Our classifier, Celadon, is a modified DeBERTa-v3-small model (~140M parameters), which we trained from scratch on 600k annotated samples from Toxic Commons. Annotations were generated with Llama 3.1 8B. See the preprint for details. Celadon identifies five kinds of harmful content:

  • Race and origin-based bias: includes racism as well as bias against someone’s country or region of origin or immigration status, especially immigrant or refugee status.
  • Gender and sexuality-based bias: includes sexism and misogyny, homophobia, transphobia, and sexual harassment.
  • Religious bias: any bias or stereotype based on someone’s religion.
  • Ability bias: bias according to someone’s physical, mental, or intellectual ability or disability.
  • Violence and abuse: overly graphic descriptions of violence, threats of violence, or calls or incitement of violence.

We used Celadon to identify toxic content in our pre-training data and then either generate a content warning for the text or synthetically rewrite it to be not harmful, depending on the toxicity level. The reason we trained a classifier to do this, as opposed to using Llama 3.1 8B, is to reduce cost. We found that it takes 3.4 hours to generate 100k samples with Llama, where it takes 5 minutes with Celadon. Celadon is over 40x faster than LLM annotations.

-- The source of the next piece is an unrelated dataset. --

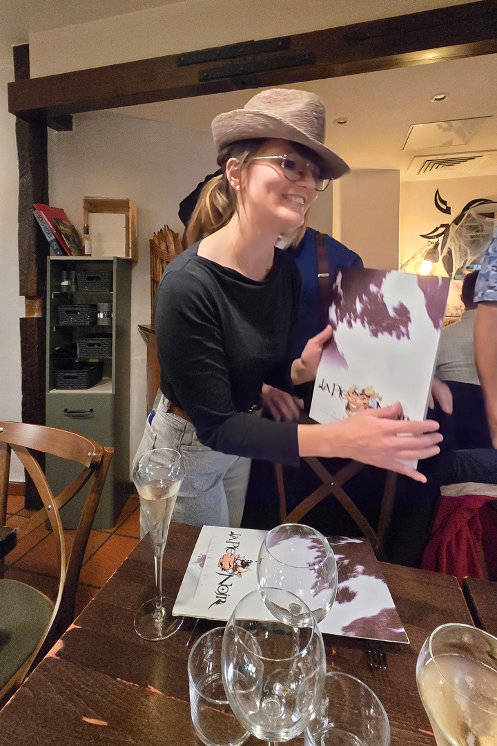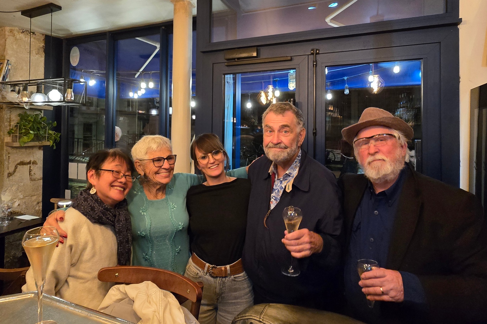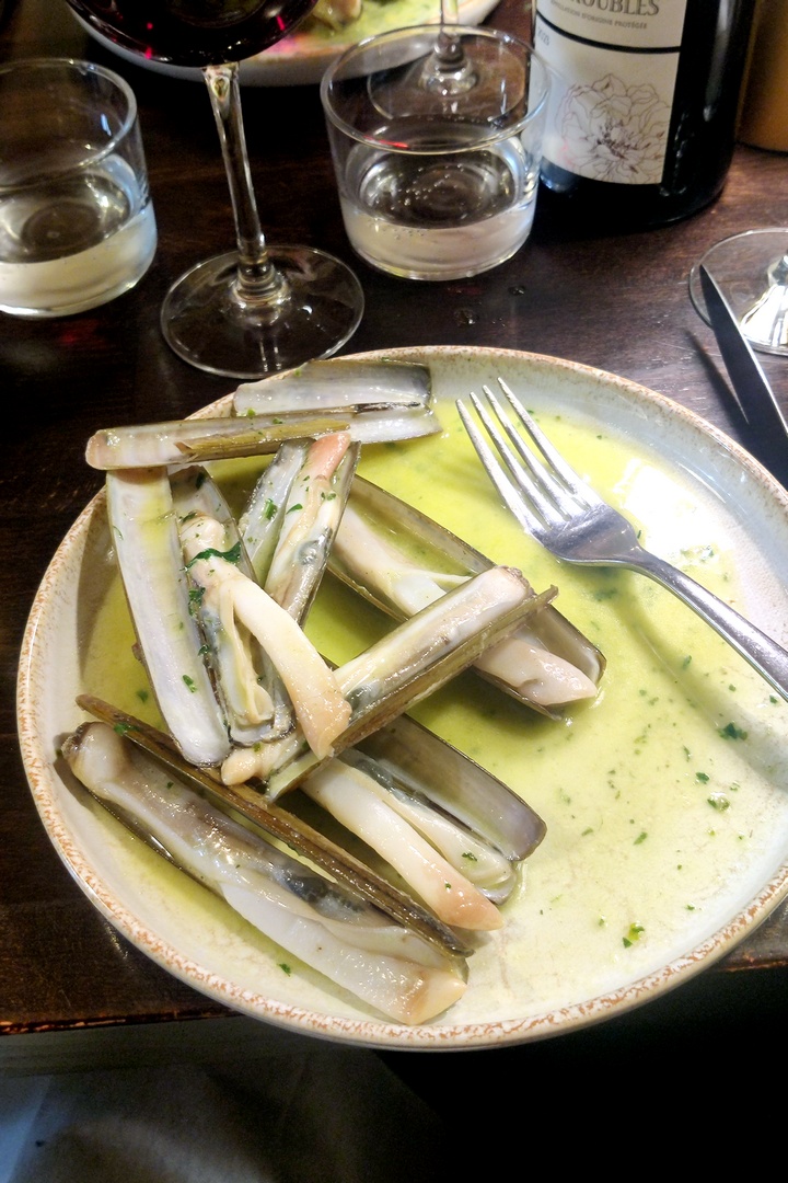 We then walked to Benjie and Junko’s neighborhood and had some mulled wine in the local cafe. Then we walked to dinner at La Pie Noir, a little family restaurant. We all had razor clams (never heard of them but they were terrific) and Marlene and I followed that with some delicious salmon. We shared profiterole for dessert.

According to the toxicity score of a text across the five dimensions, we can deal with the texts in a few ways. The most obvious treatment is to remove toxic content, especially that with very high toxicity scores. This process will undoubtedly lead to less toxic model behaviors, but it may also have unintended consequences. Filtering out harmful content has been shown to reduce texts by or relating to marginalized groups such as LGBTQ+ people or minoritized dialects like African American English (Dodge et al., 2021; Zhou et al., 2021). This is also a problem, as public domain data is already scarce. Removing too much data may result in a dataset that is too small for training a language model. Instead, we propose two treatments for content that is labeled as toxic:

  • Synthetic Content Warnings: based on the dimensions along which a text was classified as toxic, we use an LLM like Llama 3.1 to generate a specific content warning to appear before the text during training. This is an ideal approach for mildly toxic content. The intention is to develop a model that is able to reason about harmful content.
  • Synthetic Rewriting: for content that is extremely toxic, we use an LLM to rewrite the content in a way that is not toxic at all. This helps us retain a similar dataset size, while still removing the most harmful portions of the dataset. We note that in our datasets, only a very small portion of the data (~1%) got this treatment.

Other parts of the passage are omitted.